YouTube Analyzer Script

Overall, this script allows for efficient data retrieval and analysis of YouTube channel video view counts and cost estimation.

I wrote this script the summer of 2020 while working at a small startup company. You can see the source code for this script on my GitHub, which is linked below.

This is a Python script that pulls data from the YouTube Data API v3 using the requests library to make HTTP requests. The script pulls video data from specified YouTube channels, including the number of views for each video, and calculates the cost per mille (CPM) for the channel based on the average views per video.

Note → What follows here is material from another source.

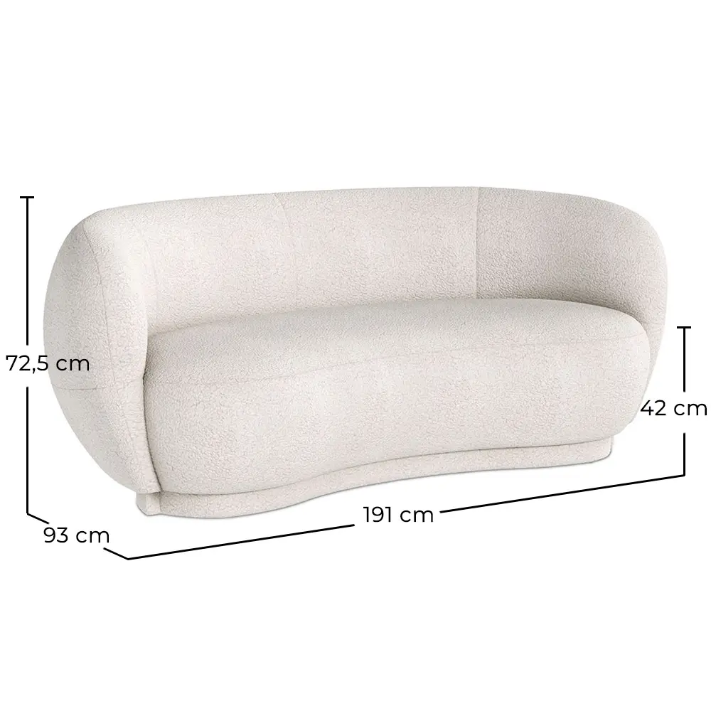 El minimalismo se apodera de este sofá curvo de 3 plazas con tapizado bouclé en un coqueto color blanco roto. Como las patas quedan ocultas, ¡el sofá parece flotar en el aire! Tu salón se volverá radicalmente moderno si eliges este sofá curvo, ya que el tapizado en tela bouclé y el mobiliario con formas orgánicas son dos de las tendencias más fuertes de decoración.

The script begins by importing the necessary libraries, including sys, yaml, json, requests, Retry, HTTPAdapter, and numpy. The script uses yaml to load keys and channel IDs from external YAML files.

The s object creates a new Session object from the requests library and sets verify to False to disable SSL certificate verification. The script then disables SSL warnings for the urllib3 package and sets a retry policy for the requests library using the Retry and HTTPAdapter objects.

The script defines several functions. The getSingleID function extracts the channel ID from a YouTube channel URL. The getChannelIDs function loads the channel URLs from a YAML file and extracts the channel IDs for each URL using the getSingleID function. The getVideoIDs function uses the YouTube Data API v3 to retrieve the video IDs for a given channel ID, and the getViews function retrieves the view count for a given video ID.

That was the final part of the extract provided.